How many times have you commented on the amount of numbers that identify you in
society? We have charge account numbers, license numbers, Social Security
numbers, insurance policy numbers, school I.D. numbers; the list is endless. A
universal identifier would combine all of these identities into one number, and,
with the use of computerized data banks, a specific individual's records could
be quickly located for all number needs.

On November 14, 1974, the Association of Computing Machinery adopted a
resolution regarding the use of the universal identifier. The A.C.M.
acknowledged that a universal identifier would be beneficial to society and its
individuals by simplifying the process of locating and comparing information
about individuals. However, the A.C.M. felt that present technical,
organizational and legislative efforts to prevent possible abuse to the
individual's right to privacy have not been adequate. The council urged the
prompt generation and passage of legislation that would prevent the misuse of
universal identifiers, including the Social Security Number.
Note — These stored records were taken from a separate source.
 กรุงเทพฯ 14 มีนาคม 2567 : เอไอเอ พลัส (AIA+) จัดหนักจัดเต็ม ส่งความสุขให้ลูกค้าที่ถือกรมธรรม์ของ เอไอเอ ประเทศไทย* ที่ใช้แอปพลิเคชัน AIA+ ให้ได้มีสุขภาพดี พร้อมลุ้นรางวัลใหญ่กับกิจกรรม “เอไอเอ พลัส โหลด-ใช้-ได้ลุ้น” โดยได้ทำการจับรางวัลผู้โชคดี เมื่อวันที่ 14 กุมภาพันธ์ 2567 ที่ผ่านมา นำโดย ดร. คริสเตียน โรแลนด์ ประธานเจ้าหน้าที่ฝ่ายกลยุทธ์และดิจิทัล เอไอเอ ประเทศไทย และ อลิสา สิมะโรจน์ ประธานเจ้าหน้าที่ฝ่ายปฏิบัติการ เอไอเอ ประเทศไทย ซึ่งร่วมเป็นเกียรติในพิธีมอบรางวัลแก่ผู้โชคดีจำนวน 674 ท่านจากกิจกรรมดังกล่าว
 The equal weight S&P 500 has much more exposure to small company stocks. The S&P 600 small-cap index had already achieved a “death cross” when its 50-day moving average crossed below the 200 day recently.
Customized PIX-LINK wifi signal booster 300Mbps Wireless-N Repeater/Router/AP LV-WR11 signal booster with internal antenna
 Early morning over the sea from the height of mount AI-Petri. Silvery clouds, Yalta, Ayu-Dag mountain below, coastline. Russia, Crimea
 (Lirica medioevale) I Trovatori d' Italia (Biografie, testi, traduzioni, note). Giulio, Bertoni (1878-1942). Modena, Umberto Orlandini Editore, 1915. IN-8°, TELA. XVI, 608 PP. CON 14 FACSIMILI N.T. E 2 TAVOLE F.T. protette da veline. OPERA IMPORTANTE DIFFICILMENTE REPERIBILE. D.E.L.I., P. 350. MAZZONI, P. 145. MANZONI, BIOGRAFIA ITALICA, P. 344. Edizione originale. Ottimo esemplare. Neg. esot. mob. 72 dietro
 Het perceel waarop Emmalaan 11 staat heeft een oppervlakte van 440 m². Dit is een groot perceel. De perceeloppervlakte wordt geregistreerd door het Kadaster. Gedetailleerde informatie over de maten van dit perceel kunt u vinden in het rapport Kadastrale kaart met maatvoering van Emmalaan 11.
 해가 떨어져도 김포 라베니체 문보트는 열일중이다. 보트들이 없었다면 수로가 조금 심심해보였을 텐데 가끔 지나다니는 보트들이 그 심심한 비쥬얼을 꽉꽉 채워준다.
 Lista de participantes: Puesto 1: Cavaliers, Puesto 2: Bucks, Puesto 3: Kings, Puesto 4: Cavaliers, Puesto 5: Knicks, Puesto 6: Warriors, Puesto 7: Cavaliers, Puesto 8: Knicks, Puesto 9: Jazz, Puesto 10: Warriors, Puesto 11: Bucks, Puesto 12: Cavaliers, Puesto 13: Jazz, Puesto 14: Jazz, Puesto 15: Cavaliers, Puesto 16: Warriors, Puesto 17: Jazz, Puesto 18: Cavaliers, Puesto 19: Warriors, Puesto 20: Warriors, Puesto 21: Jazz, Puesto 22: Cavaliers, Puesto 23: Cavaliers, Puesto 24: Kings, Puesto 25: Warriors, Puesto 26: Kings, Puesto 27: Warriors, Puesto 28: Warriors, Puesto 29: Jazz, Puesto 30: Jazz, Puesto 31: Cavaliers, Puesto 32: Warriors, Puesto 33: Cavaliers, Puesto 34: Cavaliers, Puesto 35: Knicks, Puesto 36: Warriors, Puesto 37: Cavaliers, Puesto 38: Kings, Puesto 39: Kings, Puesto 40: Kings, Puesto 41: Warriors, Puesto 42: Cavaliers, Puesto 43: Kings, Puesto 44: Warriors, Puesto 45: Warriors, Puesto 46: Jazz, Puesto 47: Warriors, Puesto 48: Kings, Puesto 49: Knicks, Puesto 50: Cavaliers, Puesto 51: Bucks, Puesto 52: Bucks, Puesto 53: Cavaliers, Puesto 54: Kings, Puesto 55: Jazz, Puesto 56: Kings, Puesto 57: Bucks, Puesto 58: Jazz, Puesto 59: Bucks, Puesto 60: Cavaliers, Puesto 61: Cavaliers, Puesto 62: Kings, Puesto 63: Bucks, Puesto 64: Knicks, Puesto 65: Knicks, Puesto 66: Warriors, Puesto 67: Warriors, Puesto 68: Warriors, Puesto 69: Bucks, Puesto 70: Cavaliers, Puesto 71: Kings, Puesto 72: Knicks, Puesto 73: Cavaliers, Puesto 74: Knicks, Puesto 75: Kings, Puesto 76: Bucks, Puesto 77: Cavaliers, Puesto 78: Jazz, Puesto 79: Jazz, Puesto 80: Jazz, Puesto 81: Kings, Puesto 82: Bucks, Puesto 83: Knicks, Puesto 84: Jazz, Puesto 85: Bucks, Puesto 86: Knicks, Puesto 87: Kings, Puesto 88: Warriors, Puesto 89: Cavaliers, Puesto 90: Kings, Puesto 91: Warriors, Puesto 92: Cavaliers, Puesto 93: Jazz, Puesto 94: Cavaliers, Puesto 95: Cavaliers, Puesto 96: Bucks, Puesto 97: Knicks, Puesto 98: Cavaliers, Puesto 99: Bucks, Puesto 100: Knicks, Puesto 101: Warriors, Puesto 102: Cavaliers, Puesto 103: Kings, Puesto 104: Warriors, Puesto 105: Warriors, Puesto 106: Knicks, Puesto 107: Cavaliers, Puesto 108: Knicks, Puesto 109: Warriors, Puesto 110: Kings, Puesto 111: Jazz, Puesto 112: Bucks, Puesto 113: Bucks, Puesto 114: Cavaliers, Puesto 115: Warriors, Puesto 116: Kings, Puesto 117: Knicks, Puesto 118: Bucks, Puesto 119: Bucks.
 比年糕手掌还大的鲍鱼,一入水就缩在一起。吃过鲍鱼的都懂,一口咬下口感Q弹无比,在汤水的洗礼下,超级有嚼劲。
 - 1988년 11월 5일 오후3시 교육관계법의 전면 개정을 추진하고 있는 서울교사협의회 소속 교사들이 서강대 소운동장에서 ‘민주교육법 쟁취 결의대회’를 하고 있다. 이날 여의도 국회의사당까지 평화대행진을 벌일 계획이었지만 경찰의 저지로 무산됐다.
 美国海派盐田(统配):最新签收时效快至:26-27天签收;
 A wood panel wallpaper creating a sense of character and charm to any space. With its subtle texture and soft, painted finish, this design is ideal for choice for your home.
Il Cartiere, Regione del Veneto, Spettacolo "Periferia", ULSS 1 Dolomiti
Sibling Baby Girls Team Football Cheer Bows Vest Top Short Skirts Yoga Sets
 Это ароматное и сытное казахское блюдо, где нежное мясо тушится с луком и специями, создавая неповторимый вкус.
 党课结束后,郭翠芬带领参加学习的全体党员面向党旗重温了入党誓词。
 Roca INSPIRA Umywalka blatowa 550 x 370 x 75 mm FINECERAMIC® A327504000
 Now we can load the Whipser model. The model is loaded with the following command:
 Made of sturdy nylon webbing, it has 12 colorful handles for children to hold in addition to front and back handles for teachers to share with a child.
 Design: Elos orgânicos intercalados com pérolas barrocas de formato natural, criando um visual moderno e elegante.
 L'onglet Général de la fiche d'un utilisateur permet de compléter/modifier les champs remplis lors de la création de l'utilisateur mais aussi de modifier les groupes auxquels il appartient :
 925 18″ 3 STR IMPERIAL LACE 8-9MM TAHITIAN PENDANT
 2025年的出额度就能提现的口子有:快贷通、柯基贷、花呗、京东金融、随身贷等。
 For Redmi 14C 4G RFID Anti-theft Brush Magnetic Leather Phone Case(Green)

FBI Computer Plans Grow, Despite Critics

Officials in the Federal Bureau of Investigation have been pushing for more than
a year to expand the agency's computerized data bank network by linking it to
existing state and local criminal information systems.

The Bureau's plan is to establish a centralized data system that would supply
information to local police authorities, but which could also monitor and
collect all local and state police messages. Control of communications would
rest with the F.B.I.

That is what alarms so many of the critics. Conservative members of Congress are
apprehensive about creation of a Federal police force; liberals are fearful of
possible misuse of information at the expense of individual rights.

Responding to the criticism, officials have written that "The F.B.I. has long
recognized... the sanctity of the privacy of the individual." Authority to halt
the computerized police system is vested in the Attorney General, the White
House, and the Congress. A definitive action has not been taken.